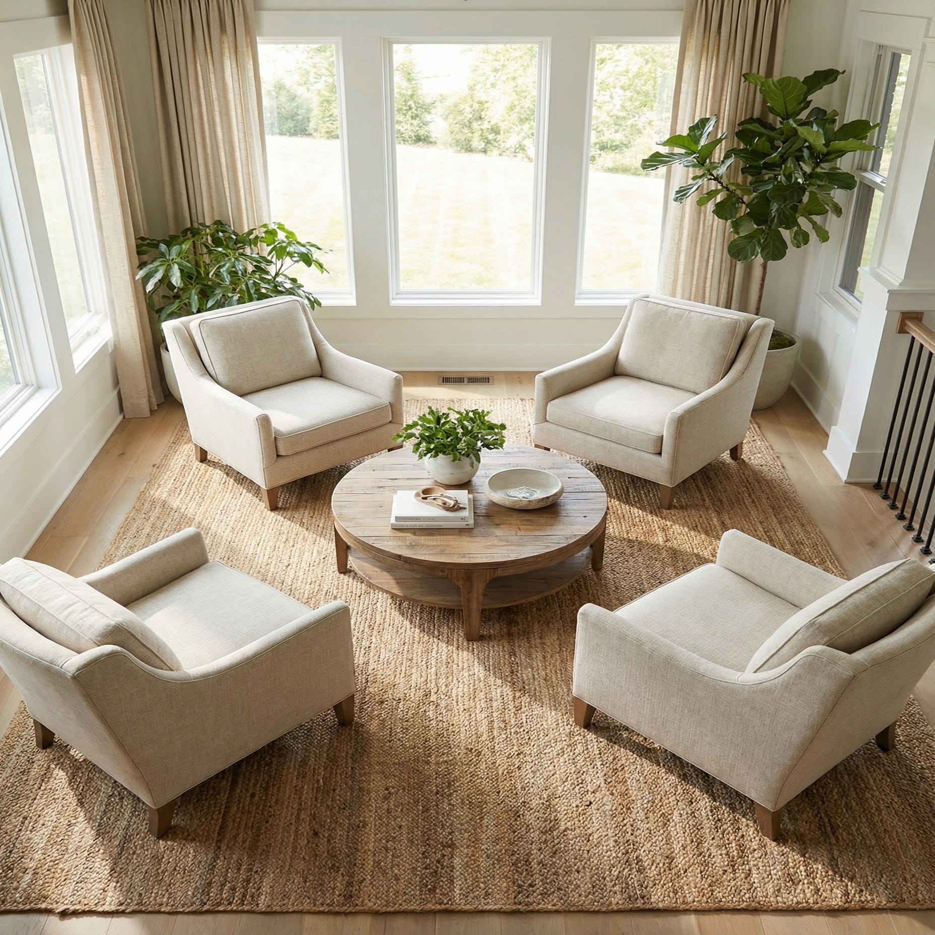 The square shape works well centered under a seating group or a square dining table, and its neutral palette pairs easily with coastal, farmhouse, bohemian or modern-minimal interiors. Use it to soften hardwood or tile floors in a living room, anchor a sunroom seating area, or layer a softer rug on top for contrast in a relaxed, layered look.
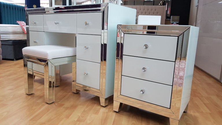 We have a number of dressing tables & Make-up Desks to choose from in a variety of colours and finishes from a traditional solid wood, foil, veneer and solid oak to a more contemporary high gloss, matte finish or glass / mirrored front dressing tables.
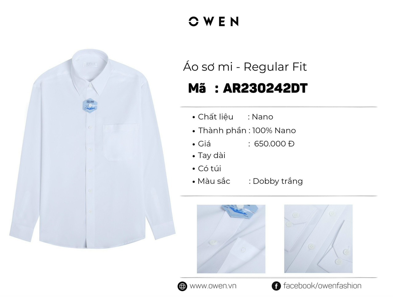 ÁO SƠ MI TRẮNG DÀI TAY NANO DOBBY CÓ TÚI AR230242DT
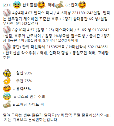 (야구) 종합) 한화 타선약세 2150525득 / kt타선약세 5021348651 / 한화선발 약소우위 / 역배, 언더각 형성 / 동일조건 역배, 고배당추천
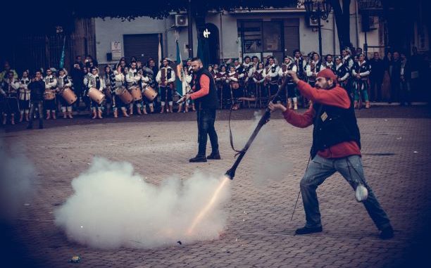 In mattinata, erano protagonisti della sfilata lungo corso Garibaldi e delle performance di spari a salve di carabine e tromboni rivolti in basso o verso la bronzea aquila svettante sul Monumento dei Caduti in guerra, mentre di pomeriggio e fino a sera hanno trasformato piazza Francesco Napolitano nel palcoscenico delle loro spettacolari esibizioni, attraversate dall’acre e pungente odore della polvere da sparo dispersa in aria dai colpi esplosi da carabine, schioppi e fucili verso il cielo; esibizioni, magicamente ingentilite e ravvivate dalle piacevoli armonie delle squillanti chiarine e dei rulli dei tamburi, in sintonia con i passi cadenzati dei trombonieri e fucilieri – tutti impettiti nei loro costumi d’epoca indefinibile e incerta, ma di sicura fattura più o meno guascona, con colori sgargianti e cappelli a forma conica di larga falda, impennacchiati da bianche piume al vento- a seconda delle posizioni geometriche e delle coreografie che gradualmente venivano disegnando sui “sampietrini” della piazza, con il prezioso racconto illustrativo, reso dalla voce narrante di Giusy De Laurentiis.
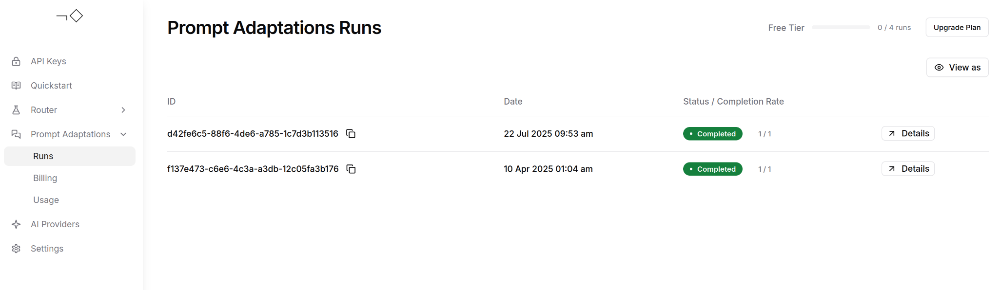 View your prompt adaptation requests and results
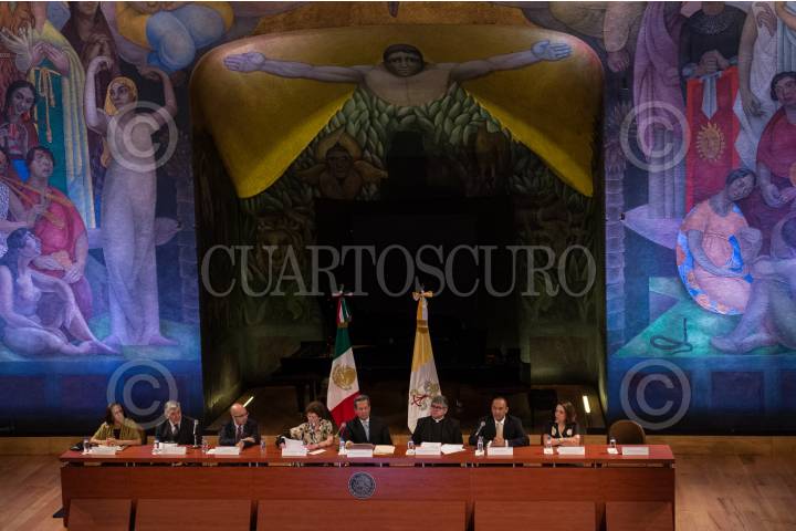 CIUDAD DE MÉXICO, 23MAYO2018.- Jorge Volpi, Coordinador de Difusión Cultura de la UNAM y María Cristina García Cepeda, de Secretaria de Cultura, durante la conferencia de prensa para la presentación de la exposición “Vaticano: de San Pedro a Francisco”. La muestra forma parte de Colecciones Vaticanas y conmemora los 25 años del establecimiento de las relaciones diplomáticas entre el Gobierno de México y la Santa Sede. FOTO: ANDREA MURCIA /CUARTOSCURO.COM
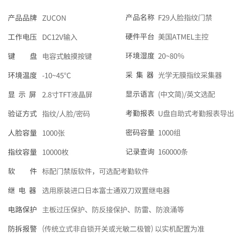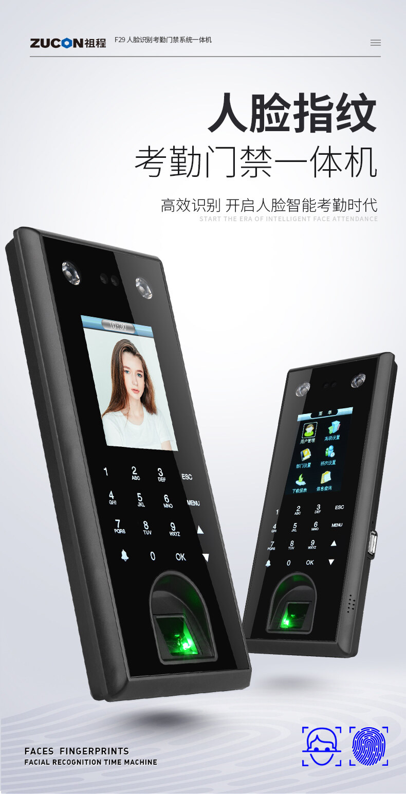 ZUCON祖程F29人臉識(shí)別門禁一體機(jī)刷臉門禁系統(tǒng)套裝電子指紋考勤門禁鎖
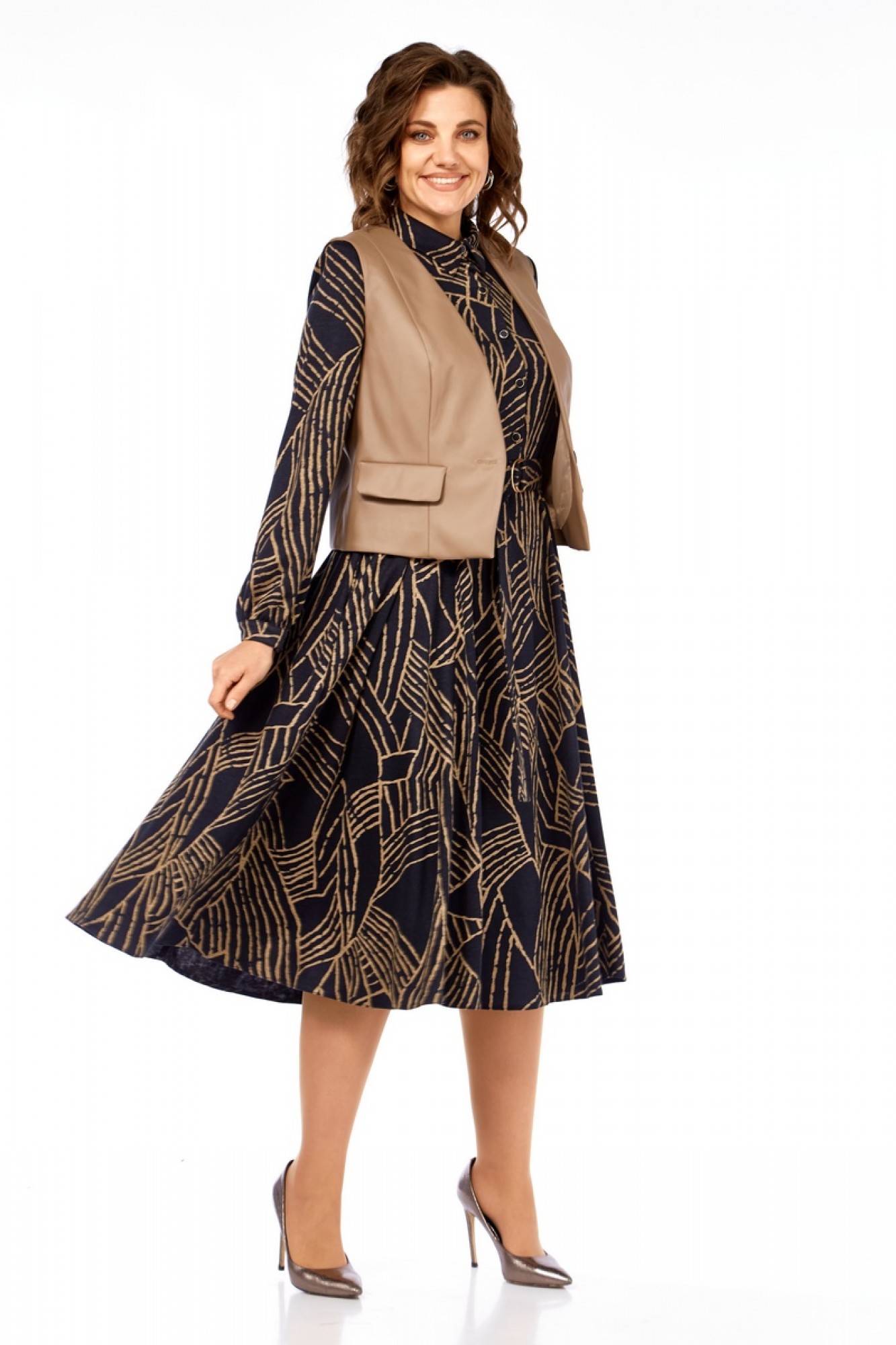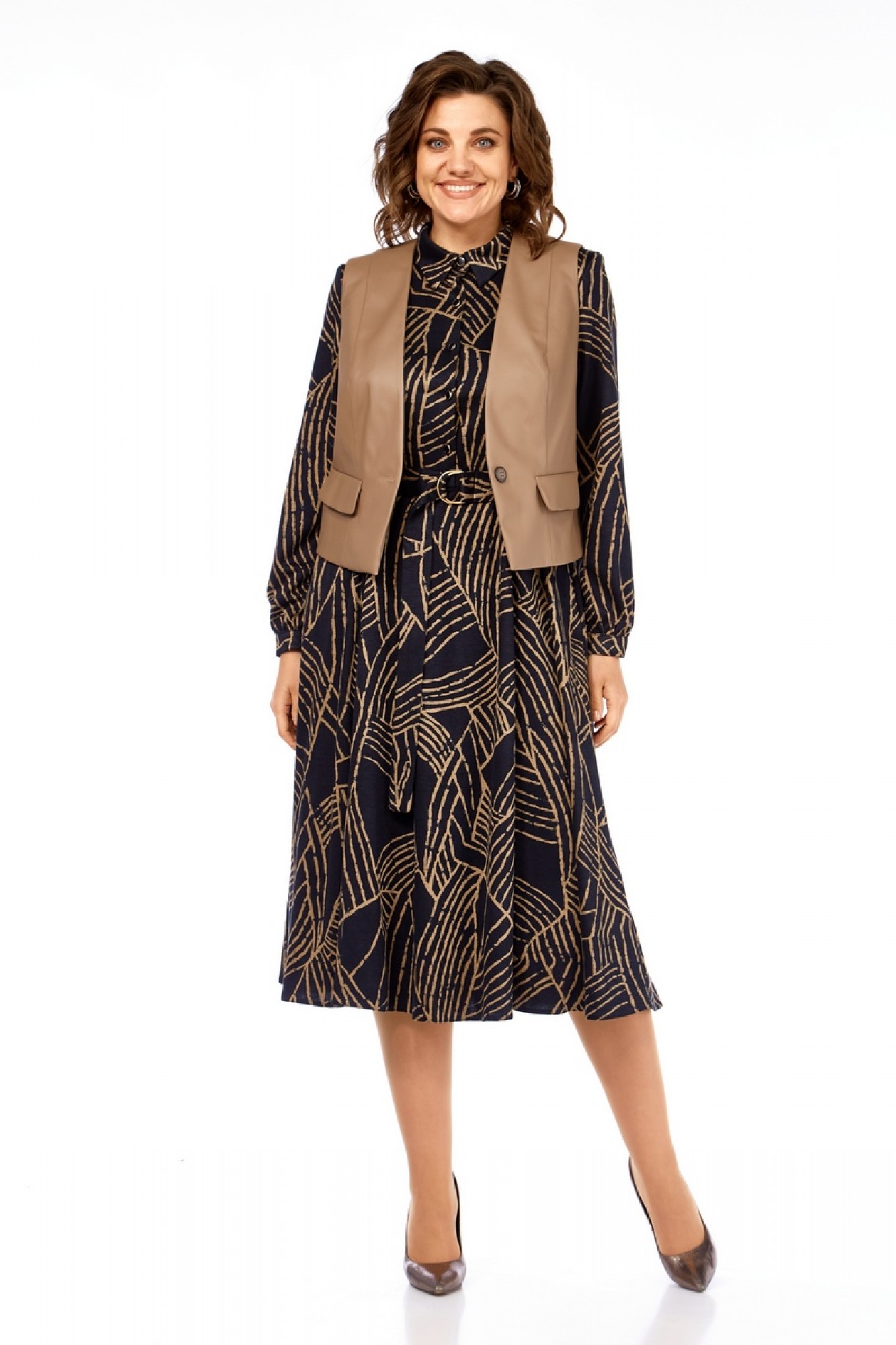 Комплект женский, состоящий из платья и жилета. Платье свободного силуэта, трикотажное, без подкладки. Рукав втачной, снизу собран на манжету, манжета застегивается на петлю и пуговицу. По талии платье отрезное, спереди до талии планка на петли и пуговицы и нагрудные вытачки, которые позволяют создать идеальную посадку по груди. Юбка-шестиклинка. Дополнительно в комплекте к платью присутствует пояс из основной ткани. Жилет полуприлегающего силуэта из эко-кожи, с накладными декоративными клапанами, застежка на одну петлю и пуговицу.
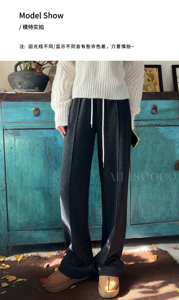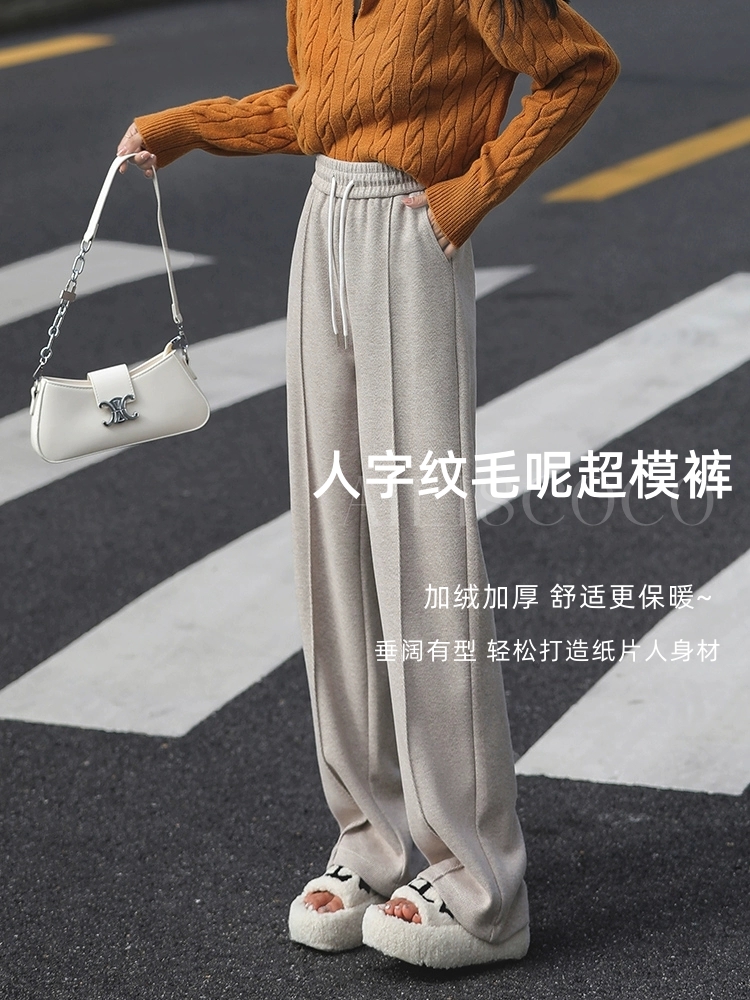 垂阔有型 秋冬也要做“纸片人”【人字纹毛呢超模裤】仿羊绒面料加绒加厚 高腰设计抬高身材比例 显高显瘦
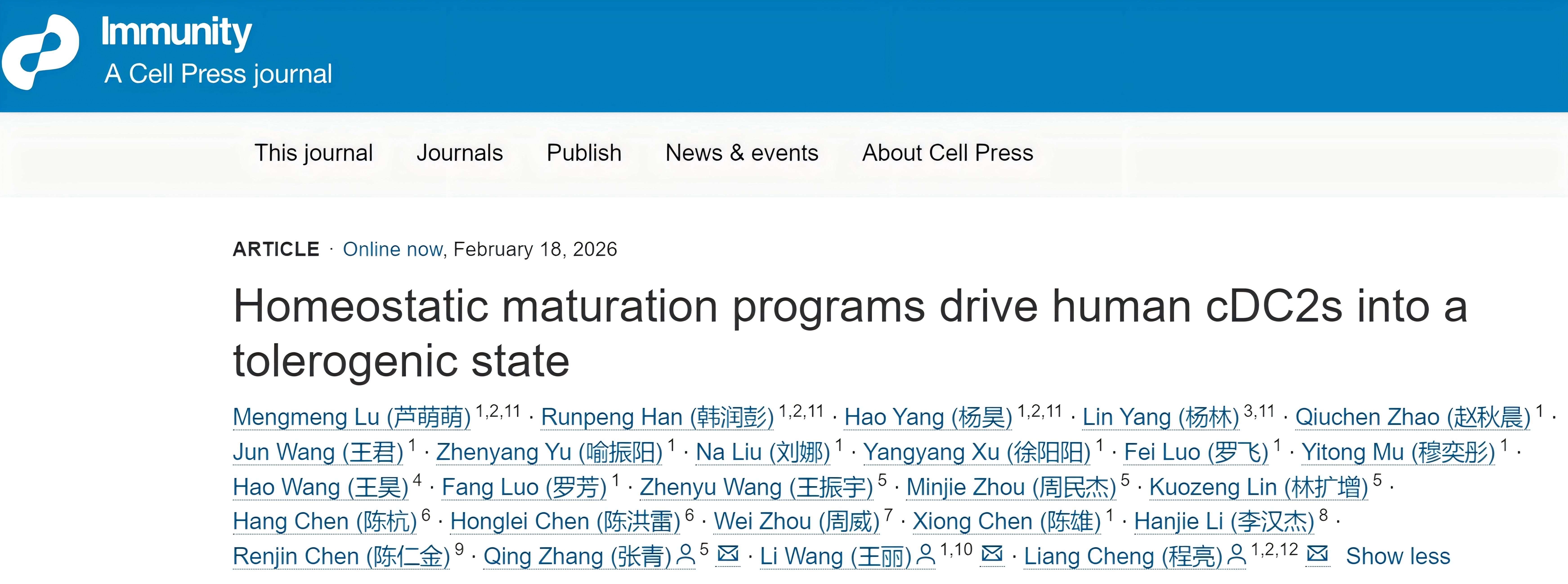2月18日,捕鱼达人 细胞治疗药物产业捕鱼达人 张青教授作为共同通讯作者,与武汉大学医学研究院程亮教授团队合作,在国际顶尖学术期刊《 Immunity》(医学类一区,TOP期刊,影响因子26.3)发表题为“Homeostatic maturation programs drive human cDC2s into a tolerogenic state”的研究论文。该研究首次发现并命名了人体内一群全新的稳态成熟树突状细胞——DC2hm(homeostatically matured cDC2),揭示DC2hm能够高效地诱导初始CD4+ T细胞分化为具有免疫抑制功能的调节性T细胞(Treg),从而主动抑制免疫系统攻击人体自身组织,起到了维持免疫耐受的“和平卫士”作用。这一发现不仅回答了“健康状态下人体DC细胞是否主动维持耐受”这一基础免疫学核心问题,也为自身免疫病的治疗开辟了全新的研究方向。
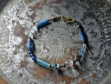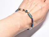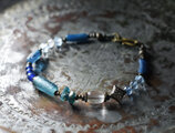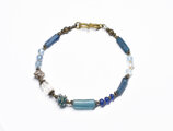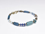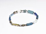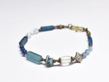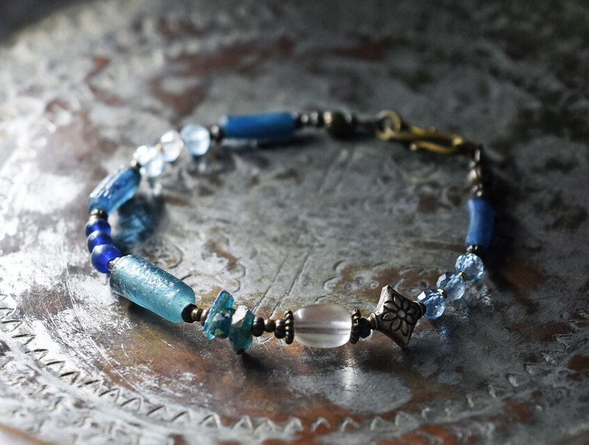 多彩ブルーローマングラスとアンティークボヘミアビーズ、インドシルバー、アクアマリン&ハーキマーダイヤモンドなどを繋いだブレスです。

- [What to work on] Exactly as written, return every line of the listing, but not the pictures.

- [Completed task]
 The square shape works well centered under a seating group or a square dining table, and its neutral palette pairs easily with coastal, farmhouse, bohemian or modern-minimal interiors. Use it to soften hardwood or tile floors in a living room, anchor a sunroom seating area, or layer a softer rug on top for contrast in a relaxed, layered look.
 We have a number of dressing tables & Make-up Desks to choose from in a variety of colours and finishes from a traditional solid wood, foil, veneer and solid oak to a more contemporary high gloss, matte finish or glass / mirrored front dressing tables.
 ÁO SƠ MI TRẮNG DÀI TAY NANO DOBBY CÓ TÚI AR230242DT
 (야구) 종합) 한화 타선약세 2150525득 / kt타선약세 5021348651 / 한화선발 약소우위 / 역배, 언더각 형성 / 동일조건 역배, 고배당추천
 In mattinata, erano protagonisti della sfilata lungo corso Garibaldi e delle performance di spari a salve di carabine e tromboni rivolti in basso o verso la bronzea aquila svettante sul Monumento dei Caduti in guerra, mentre di pomeriggio e fino a sera hanno trasformato piazza Francesco Napolitano nel palcoscenico delle loro spettacolari esibizioni, attraversate dall’acre e pungente odore della polvere da sparo dispersa in aria dai colpi esplosi da carabine, schioppi e fucili verso il cielo; esibizioni, magicamente ingentilite e ravvivate dalle piacevoli armonie delle squillanti chiarine e dei rulli dei tamburi, in sintonia con i passi cadenzati dei trombonieri e fucilieri – tutti impettiti nei loro costumi d’epoca indefinibile e incerta, ma di sicura fattura più o meno guascona, con colori sgargianti e cappelli a forma conica di larga falda, impennacchiati da bianche piume al vento- a seconda delle posizioni geometriche e delle coreografie che gradualmente venivano disegnando sui “sampietrini” della piazza, con il prezioso racconto illustrativo, reso dalla voce narrante di Giusy De Laurentiis.
 View your prompt adaptation requests and results
 CIUDAD DE MÉXICO, 23MAYO2018.- Jorge Volpi, Coordinador de Difusión Cultura de la UNAM y María Cristina García Cepeda, de Secretaria de Cultura, durante la conferencia de prensa para la presentación de la exposición “Vaticano: de San Pedro a Francisco”. La muestra forma parte de Colecciones Vaticanas y conmemora los 25 años del establecimiento de las relaciones diplomáticas entre el Gobierno de México y la Santa Sede. FOTO: ANDREA MURCIA /CUARTOSCURO.COM
 ZUCON祖程F29人臉識(shí)別門禁一體機(jī)刷臉門禁系統(tǒng)套裝電子指紋考勤門禁鎖
 Комплект женский, состоящий из платья и жилета. Платье свободного силуэта, трикотажное, без подкладки. Рукав втачной, снизу собран на манжету, манжета застегивается на петлю и пуговицу. По талии платье отрезное, спереди до талии планка на петли и пуговицы и нагрудные вытачки, которые позволяют создать идеальную посадку по груди. Юбка-шестиклинка. Дополнительно в комплекте к платью присутствует пояс из основной ткани. Жилет полуприлегающего силуэта из эко-кожи, с накладными декоративными клапанами, застежка на одну петлю и пуговицу.
 垂阔有型 秋冬也要做“纸片人”【人字纹毛呢超模裤】仿羊绒面料加绒加厚 高腰设计抬高身材比例 显高显瘦
2月18日,捕鱼达人 细胞治疗药物产业捕鱼达人 张青教授作为共同通讯作者,与武汉大学医学研究院程亮教授团队合作,在国际顶尖学术期刊《 Immunity》(医学类一区,TOP期刊,影响因子26.3)发表题为“Homeostatic maturation programs drive human cDC2s into a tolerogenic state”的研究论文。该研究首次发现并命名了人体内一群全新的稳态成熟树突状细胞——DC2hm(homeostatically matured cDC2),揭示DC2hm能够高效地诱导初始CD4+ T细胞分化为具有免疫抑制功能的调节性T细胞(Treg),从而主动抑制免疫系统攻击人体自身组织,起到了维持免疫耐受的“和平卫士”作用。这一发现不仅回答了“健康状态下人体DC细胞是否主动维持耐受”这一基础免疫学核心问题,也为自身免疫病的治疗开辟了全新的研究方向。
 多彩ブルーローマングラスとアンティークボヘミアビーズ、インドシルバー、アクアマリン&ハーキマーダイヤモンドなどを繋いだブレスです。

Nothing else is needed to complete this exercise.